In early 1970s, Dick Rothermel created the first mathematical model to predict the spread of fire in the US. He burnt fuel in his wind tunnel and controlled factors such as wind speed. He plotted his observations on his graph to eventually work out a set of equations that could be used to predict the spread of wildfires. The Rothermel model became the basis for fire behaviour analysts to better predict how a blaze might spread. They are in effect trying to reverse engineer a forest fire.
Sounds simple? Not quite.
There are so many factors that affect a wildfire in the US alone, let alone other countries. For example, the chemistry of plants gives us insights into their propensity to, quite literally, add fuel to fire. Remote sensing data from satellites has limitations because it cannot differentiate between smoke and cloud. So, scientists are hard at work to narrow the gap in their understanding.
They are layering the Rothaermel model with many more real-world factors to further adjust the model. Simply put, they are trying to understand the path of the fire and the time it would takes to spread in those directions.
Some institutions model the movement of fluids and gases in a wildfire. This computational fluid dynamics (CFD) model divides an area into a chessboard or a grid, and assesses how each grid would interact with others. This model requires massive computational power, which means it could take days to predict. No wildfire would be willing to wait that long.
Therefore, fire behaviour analysts are trying to find a simpler model that could work on the laptops they carry into remote forest areas. They also need to win the trust of firefighters.
There is always a tussle between human experience and mathematical models. Yet, with so many new factors playing out and the scale of wildfires being unprecedented, experience is increasingly relying on such predictive models.
But we need more than that to fight blazes that spread thick and fast. Drones can come in handy to take aerial pictures, establish connections with firefighters, and douse fires.
Drones and robots can easily operate in smoke-filled areas. Smokebot in Germany, for instance, is able to gather data where firefighters cannot. Mexico-based Descartes Labs has a tool that uses satellite images derived from both visible and infrared light to trace the heat signatures of fires in the night and on cloudy days.
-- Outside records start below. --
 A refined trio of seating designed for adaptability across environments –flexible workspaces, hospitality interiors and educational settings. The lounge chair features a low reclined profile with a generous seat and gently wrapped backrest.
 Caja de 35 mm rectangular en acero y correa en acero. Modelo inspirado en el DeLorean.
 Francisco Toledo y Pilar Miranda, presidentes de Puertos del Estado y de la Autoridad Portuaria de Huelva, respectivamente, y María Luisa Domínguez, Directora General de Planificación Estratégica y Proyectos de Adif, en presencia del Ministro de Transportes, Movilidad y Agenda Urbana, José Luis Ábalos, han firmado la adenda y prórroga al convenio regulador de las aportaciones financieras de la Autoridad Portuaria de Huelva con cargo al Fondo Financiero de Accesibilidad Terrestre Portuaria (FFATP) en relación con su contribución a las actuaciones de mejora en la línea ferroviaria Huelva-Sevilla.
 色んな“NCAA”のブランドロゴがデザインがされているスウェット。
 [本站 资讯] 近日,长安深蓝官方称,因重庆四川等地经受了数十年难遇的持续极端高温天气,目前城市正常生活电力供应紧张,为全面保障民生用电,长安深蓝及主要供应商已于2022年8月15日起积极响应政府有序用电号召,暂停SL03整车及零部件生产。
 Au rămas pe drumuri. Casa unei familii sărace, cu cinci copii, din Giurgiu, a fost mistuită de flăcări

It shares the information as time-lapsed videos with hashtags.
We need a perfect storm, a convergence of many types of technologies to prevent and arrest wildfires. A more collaborative approach by the industry can spark new approaches.
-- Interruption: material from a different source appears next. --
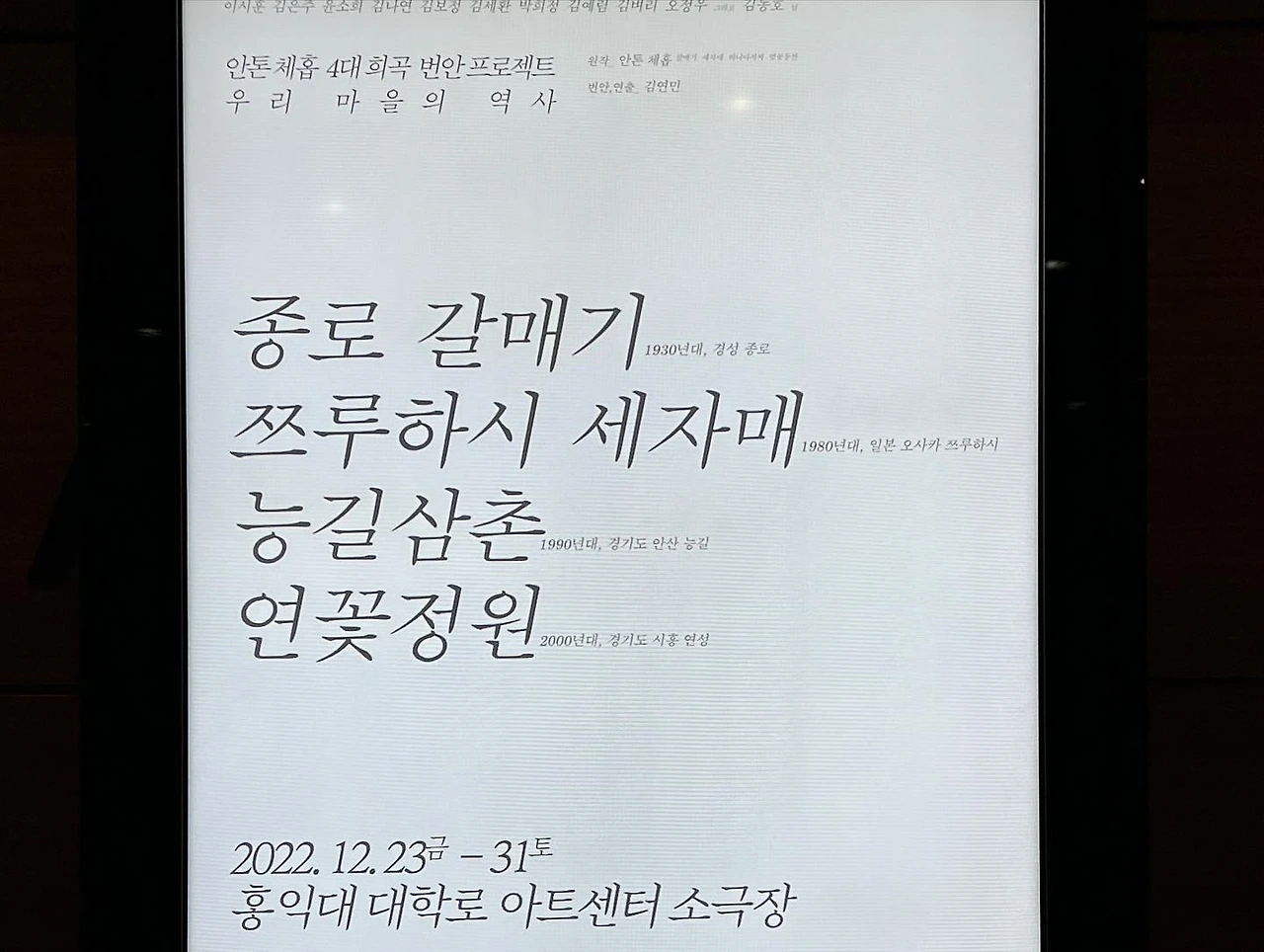 올해 어느 해보다 연극을 여러 편 보았다. 올해의 마지막 연극은 안톤 채홉의 4대 희곡인 바냐 아저씨, 벚꽃동산, 갈매기, 세 자매를 우리 정서와 이야기에 맞게 번안한 프로젝트 공연이었다. 네 편의 공연 총 540분을 하루 종일 보는 공연였는데 인터미션과 식사시간이 있어 힘들지 않게 볼 수 있었다.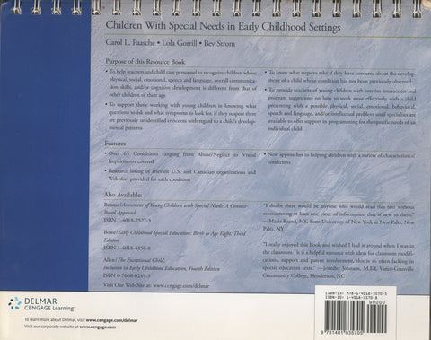 Children With Special Needs in Early Childhood Settings by Carol L P, Lola Gorrill, Bev...

For example, many conservation technologies already used for protecting forests can be used. Drones that perform aerial reconnaissance to detect illegal mining in forest areas can double up for gathering data for forest fire prediction. Conservation agencies are using high-tech acoustic monitoring devices to detect chainsaw sound and gunshots. These can have sensors for capturing the crackling sound of burning foliage. Crowdsourced Instagram and Facebook photos are being layered on top of maps. Wildfire predictive models have a lot to learn from how weather forecast became more accurate, in addition to the obvious correlation between weather conditions and forest fires.
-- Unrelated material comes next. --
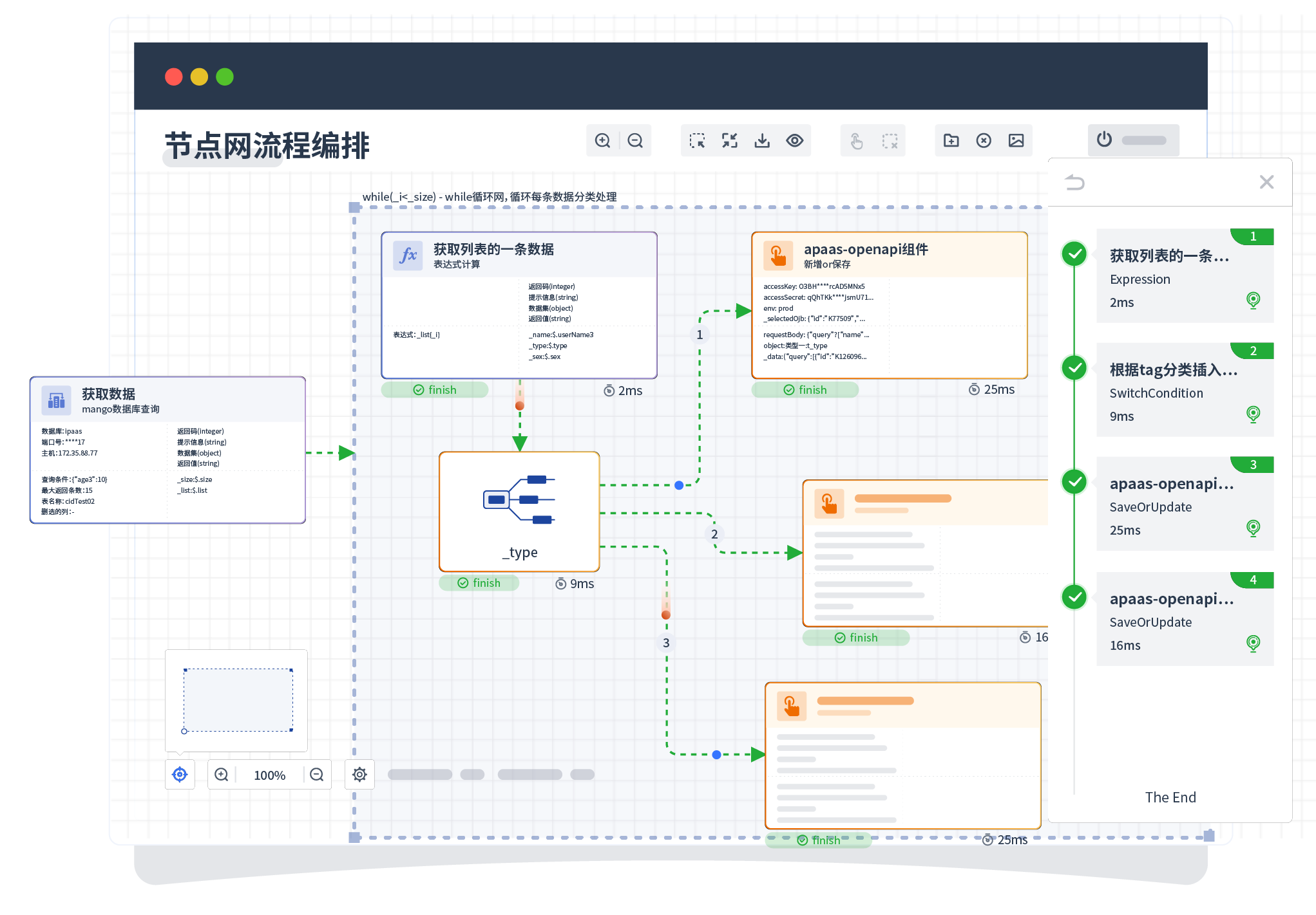针对集成场景,,,,,,,组件定义后支持进行流程编制,,,,,,,,,,不同于传统代码方式,,,,,,,,,,,,,通过图形化展示,,,,,,,,支持在线调试、、、、、、、、、、、、日志查看和运行回放。。。。。。。。。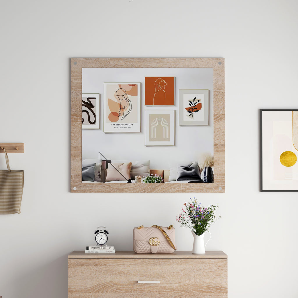 КГ4360 е правоъгълно стенно огледало с рамка в цвят SONAMA, елегантно и с много задоволителни размери. Полезен "инструмент" за различни стаи на къщата, който ще пасне на вашата декорация, независимо дали е класическа или по-модерна. РАЗМЕРИ: 80x1.8x70H см. МАТЕРИАЛ НА ИЗРАБОТКА: Рамката на огледалото е изработена от меламин. Меламинът е вид дървесина под формата на ПДЧ (панел). Като материал е много издръжлив и с голяма твърдост. Така че това е синтетичен материал с много твърда повърхност, което го прави много устойчив на драскотини, абразия и петна. ПОДДРЪЖКА: Меламинът се почиства много лесно от петна благодарение на твърдата си повърхност. Можете да избършете с влажна кърпа и това е достатъчно. За упорити петна можете да използвате мек почистващ препарат. ** Цветопредаването на продукта може леко да се различава от неговото фотографско представяне на вашия екран.

We need more of intelligent drones, robots, and sensors to prevent wildfires. The courage and hard work of our firefighters cannot be overemphasised. But the scale of the Australian and Amazonian wildfires has exposed obvious limitations and risks of humans involved in firefighting. There is an unequivocal need for humans to be entirely replaced by machines in such hazardous scenarios. This is possibly the one industry in which humans need to be fired from their frontline jobs and replaced by intelligent machines.